A few weeks ago, nurses staged a massive die-in outside Rep. Nancy Pelosi’s office demanding that she bring the legislation to a vote. Organized labor is stepping up in the South. DSA is running insurgent candidates for Congress like Heidi Sloan, who cut her teeth on her local Medicare for All campaign in Austin. Since Sanders’s 2016 run, activists have spearheaded countless canvasses, town halls, direct actions, and letters to the editor.
And it’s working. Against opposition, support for Medicare for All among a majority of Americans has risen since Sanders’s run and remains steady. As of this year more than half of all House Democrats support Medicare for All. We’ve flipped key congress members like John Yarmuth in Kentucky, Lloyd Doggett in Texas, Ben Ray Luján in New Mexico, Hakeem Jeffries in New York. The first hearing in the bill’s history featured a powerful testimony, and the bill has moved through more critical hearings since then with another next week.

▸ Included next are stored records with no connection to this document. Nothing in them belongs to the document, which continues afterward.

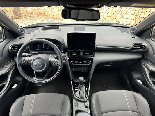 A külső teljesen változatlan maradt, ahogy a belső térben sem lehet sok újdonságot észrevenni, ez a TNGA-B kisautós platform egyik legtágasabb autója, a Yaris és az Aygo X épül vele egy alapokra, illetve természetesen ugyanez a Lexus LBX is. 4,18 méter hosszú, 1,76 méter széles és 1,59 méter magas, a csomagtere 397 liter, a hátsó üléseken pedig van annyi hely, hogy két 180 centiméter magas ember egymás mögött normálisan utazzon.
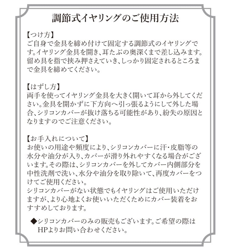 ※イヤリングは痛くなりにくく、外れにくい調節式留め具を使用しております。
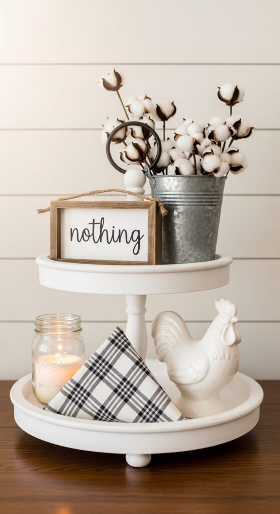 For a farmhouse-style home, lean into galvanized metal, white ceramics, and natural textures. Use a small galvanized bucket or tin as a vessel for cotton stems or dried lavender. Add a white ceramic farmhouse figurine — a rooster, a cow, or a simple house. Fold a buffalo-check or gingham napkin as a base layer on one tier. A mason jar candle ties it all together. This setup is simple, cohesive, and matches the warm, lived-in farmhouse aesthetic perfectly.

Postponing Medicare for All until we cinch every vote ignores the fact that like all historic reforms, achieving it could take multiple sessions of Congress. With that in mind, the goal of bringing legislation to the floor right now should not be confined to winning a majority vote. The goal must also be to expose where representatives stand so that our movement can hold them accountable.
Unlike Warren, Sanders will force a vote. He has promised to introduce Medicare for All in the first week of his term. If Democratic senators choose to defy a presidential mandate and side with private insurance companies, then they will have to make that choice in front of the American people.
But that’s not his entire strategy. Sanders has focused his entire political life on empowering ordinary people by getting them involved in the political process. For him, the growth of the Medicare for All movement is the growth of a political revolution that will transform our country. Instead of tamping down popular militancy in the name of pragmatism, Sanders promises to scale up our mass organizing to an unprecedented level. As he put it this year:
I’m going to run the presidency differently than anyone else. I’m not only going to be commander-in-chief, I’m going to be organizer-in-chief. We’re going to rally the people. . .to tell their senators to stand with ordinary Americans and not with wealthy campaign contributors.
Don’t Fall for It
Unfortunately, some activists in positions of leadership have fallen for the bait and switch. Barkan, one of the highest-profile Medicare for All advocates (with good reason), endorsed Warren following the release of her plan, which he hailed as “the greatest feat of public policy jujitsu that I have ever seen.”
But there are serious ideological and tactical differences between the candidates and looking at responses helps us separate the wheat from the chaff. After sizing up her plan, it’s clear that Elizabeth Warren doesn’t care about passing Medicare for All. Any hope of keeping Medicare for All on the agenda in the foreseeable future will be made or broken with Bernie Sanders. Those who are serious about winning must rally our movement behind his campaign while we can.